Other benchmarks behave more or less similar to the tip. I'll leave the
full results below:
o System Details
- 3rd Generation EPYC System
- 2 x 64C/128T
- NPS1 mode
o Kernels
tip: tip:sched/core at commit 8cec3dd9e593
("sched/core: Simplify code by removing
duplicate #ifdefs")
shared_runq: tip + this series
o Results
==================================================================
Test : hackbench
Units : Normalized time in seconds
Interpretation: Lower is better
Statistic : AMean
==================================================================
Case: tip[pct imp](CV) shared_runq[pct imp](CV)
1-groups 1.00 [ -0.00]( 1.80) 4.49 [-349.19](92.14)
2-groups 1.00 [ -0.00]( 1.76) 1.02 [ -2.17](19.20)
4-groups 1.00 [ -0.00]( 1.82) 0.86 [ 13.53]( 1.37)
8-groups 1.00 [ -0.00]( 1.40) 0.91 [ 8.73]( 2.39)
16-groups 1.00 [ -0.00]( 3.38) 0.91 [ 9.47]( 2.39)
==================================================================
Test : tbench
Units : Normalized throughput
Interpretation: Higher is better
Statistic : AMean
==================================================================
Clients: tip[pct imp](CV) shared_runq[pct imp](CV)
1 1.00 [ 0.00]( 0.44) 1.00 [ -0.39]( 0.53)
2 1.00 [ 0.00]( 0.39) 1.00 [ -0.16]( 0.57)

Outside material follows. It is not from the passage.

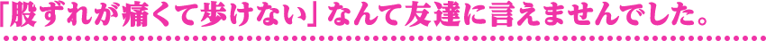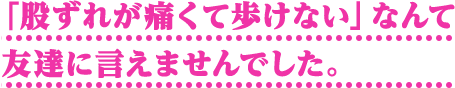 友達と遊びに行っても、すぐに股ずれになってしまって・・・痛くて歩くのも辛いのですが、「股ずれが痛くて歩けない」なんて、恥ずかしくて誰にも言えません。顔は笑っていましたが、当時は本当に、情けない気持ちでいっぱいでした。

4 1.00 [ 0.00]( 0.40) 1.00 [ -0.07]( 0.69)
8 1.00 [ 0.00]( 0.16) 0.99 [ -0.67]( 0.45)
16 1.00 [ 0.00]( 3.00) 1.03 [ 2.86]( 1.23)
32 1.00 [ 0.00]( 0.84) 1.00 [ -0.32]( 1.46)
64 1.00 [ 0.00]( 1.66) 0.98 [ -1.60]( 0.79)
128 1.00 [ 0.00]( 1.04) 1.01 [ 0.57]( 0.59)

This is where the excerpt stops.